= Eve in a Summer Dress =

1984 film directed by Kiyoshi Nishimura

Eve in a Summer Dress (夏服のイヴ) is a Japanese romance film directed by Kyoshi Nishimura and released in Japan on July 7, 1984, distributed by Toho.

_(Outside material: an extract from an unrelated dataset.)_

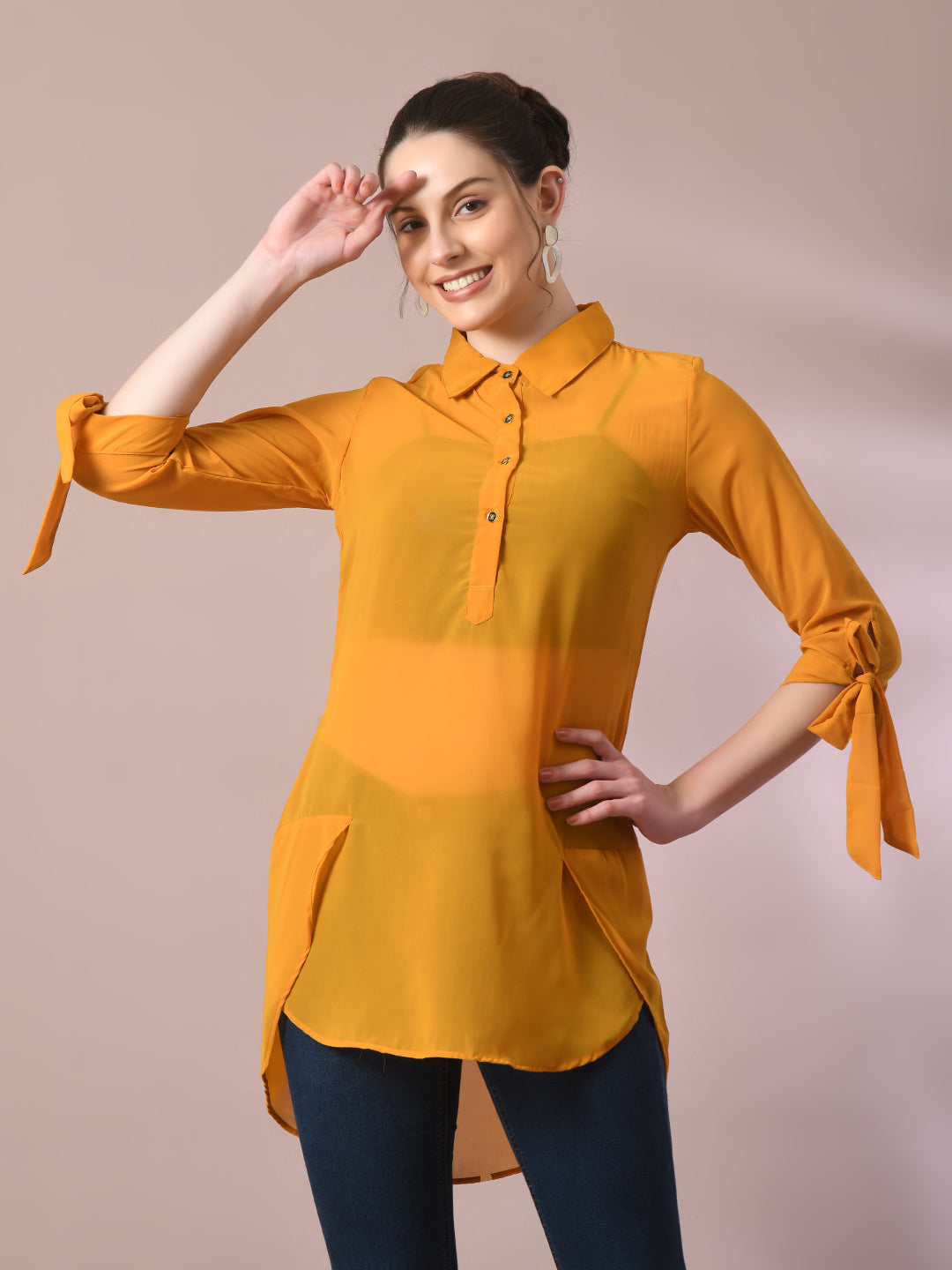 Women Yellow Solid Georgette Longline Party Sheer Tunic

It is the third film to star Seiko Matsuda (following The Tomb of the Wild Chrysanthemums and The Legend of the Plumeria).

==Plot==
Makiko, a country girl who wishes to become a kindergarten teacher, goes to Tokyo and falls in love with Hidekazu, an aspiring writer.

== Cast ==
- Makiko Fujieda: Seiko Matsuda
- Hidekazu Nishimaru: Kenji Haga
- Kayo Sakurai: Akiko Kazami
- Akira Munekata: Masaki Yamakoshi
- Sumire Munakata: Mitsuko Kondo
- Yuzu Munakata: Kae Kondo
- Misao Iida: Iwaki Tokuei
- Akiko Ejiri: Junko Asahina
- Ryoichi Fujieda: Akira Nagoya
- Shinobu Fujieda: Sakura Kamo
- Hiroshi Fujieda: Kei Sakano
- Kindergarten Principal: Sachio Sakai
- Jimmy Lawrence: David Teleford
- Jane Lawrence: Janice Gray
- Joe Lawrence: Greg Wright
- David Lawrence: Marcellus Vanfast
- Tomiko Nishimaru: Yoko Nogiri
- Seiichiro Munakata: Masami Kondo

== Theme song ==

- Seiko Matsuda "Summer Eve" (Publisher: CBS Sony)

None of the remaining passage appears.